**DATASET EXTRACT**
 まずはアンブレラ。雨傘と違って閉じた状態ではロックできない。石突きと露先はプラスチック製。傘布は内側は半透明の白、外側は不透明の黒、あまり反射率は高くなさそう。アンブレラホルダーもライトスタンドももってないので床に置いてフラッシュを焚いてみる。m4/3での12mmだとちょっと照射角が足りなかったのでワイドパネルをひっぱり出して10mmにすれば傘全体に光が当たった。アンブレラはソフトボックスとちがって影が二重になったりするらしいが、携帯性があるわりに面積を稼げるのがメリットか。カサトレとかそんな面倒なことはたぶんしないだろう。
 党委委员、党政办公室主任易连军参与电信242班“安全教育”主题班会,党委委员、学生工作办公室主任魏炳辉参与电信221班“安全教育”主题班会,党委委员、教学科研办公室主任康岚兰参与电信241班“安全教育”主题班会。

---

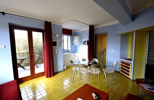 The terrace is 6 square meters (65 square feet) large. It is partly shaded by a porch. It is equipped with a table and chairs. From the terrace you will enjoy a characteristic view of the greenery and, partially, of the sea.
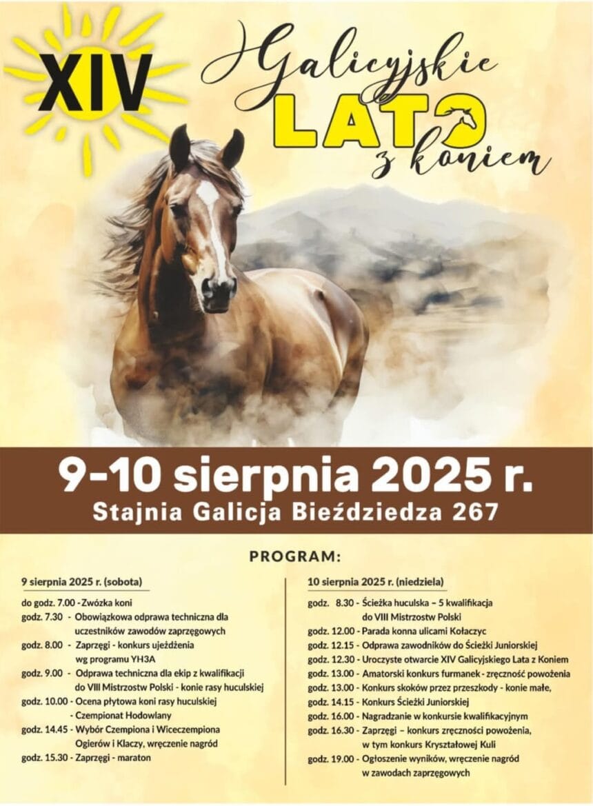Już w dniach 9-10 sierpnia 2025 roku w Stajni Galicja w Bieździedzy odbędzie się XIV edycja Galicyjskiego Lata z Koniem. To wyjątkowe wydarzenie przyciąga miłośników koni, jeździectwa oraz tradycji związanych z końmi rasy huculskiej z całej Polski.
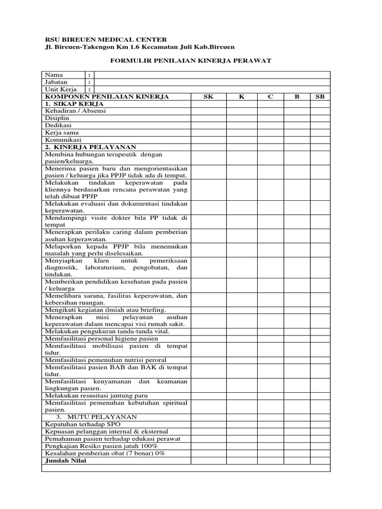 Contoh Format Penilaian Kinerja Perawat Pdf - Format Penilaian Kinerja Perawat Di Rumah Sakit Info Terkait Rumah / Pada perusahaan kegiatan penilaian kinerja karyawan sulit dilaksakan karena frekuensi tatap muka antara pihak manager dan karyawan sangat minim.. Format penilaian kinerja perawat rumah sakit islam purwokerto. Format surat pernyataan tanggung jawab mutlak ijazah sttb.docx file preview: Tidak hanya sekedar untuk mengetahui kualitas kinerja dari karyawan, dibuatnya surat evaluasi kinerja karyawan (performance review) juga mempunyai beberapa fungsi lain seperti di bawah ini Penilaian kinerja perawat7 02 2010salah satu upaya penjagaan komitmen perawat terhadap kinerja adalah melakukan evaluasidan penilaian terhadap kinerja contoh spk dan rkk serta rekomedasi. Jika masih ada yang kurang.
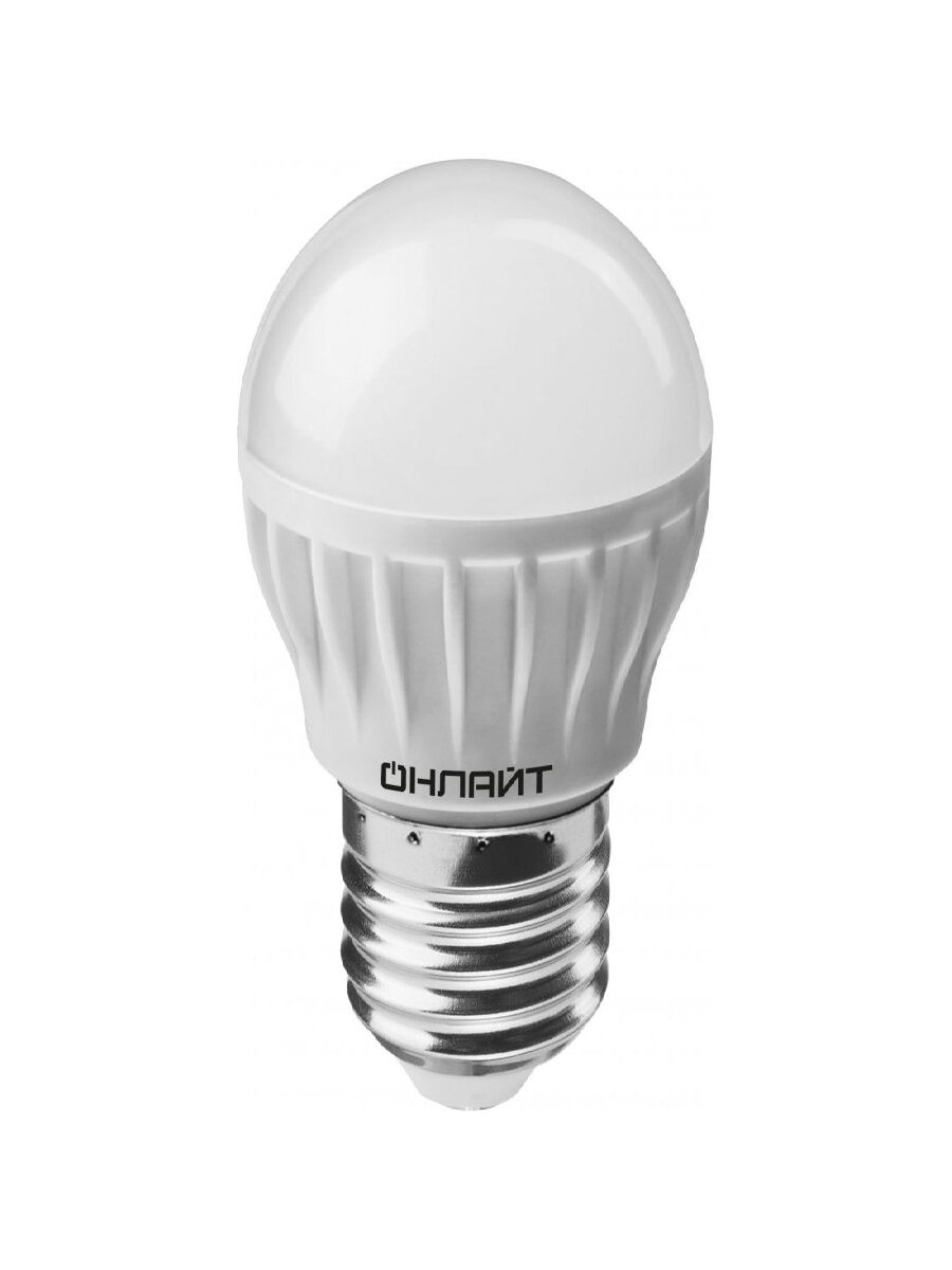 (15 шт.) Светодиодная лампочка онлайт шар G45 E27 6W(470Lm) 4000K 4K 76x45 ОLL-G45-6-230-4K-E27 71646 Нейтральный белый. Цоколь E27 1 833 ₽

**WORK REQUIRED**
Repeat, character for character, the lines of the material above from the line with "まずはアンブレラ。雨傘と違っ" through the line with "党委委员、党政办公室主任易连".

**RESPONSE BELOW**
 まずはアンブレラ。雨傘と違って閉じた状態ではロックできない。石突きと露先はプラスチック製。傘布は内側は半透明の白、外側は不透明の黒、あまり反射率は高くなさそう。アンブレラホルダーもライトスタンドももってないので床に置いてフラッシュを焚いてみる。m4/3での12mmだとちょっと照射角が足りなかったのでワイドパネルをひっぱり出して10mmにすれば傘全体に光が当たった。アンブレラはソフトボックスとちがって影が二重になったりするらしいが、携帯性があるわりに面積を稼げるのがメリットか。カサトレとかそんな面倒なことはたぶんしないだろう。
 党委委员、党政办公室主任易连军参与电信242班“安全教育”主题班会,党委委员、学生工作办公室主任魏炳辉参与电信221班“安全教育”主题班会,党委委员、教学科研办公室主任康岚兰参与电信241班“安全教育”主题班会。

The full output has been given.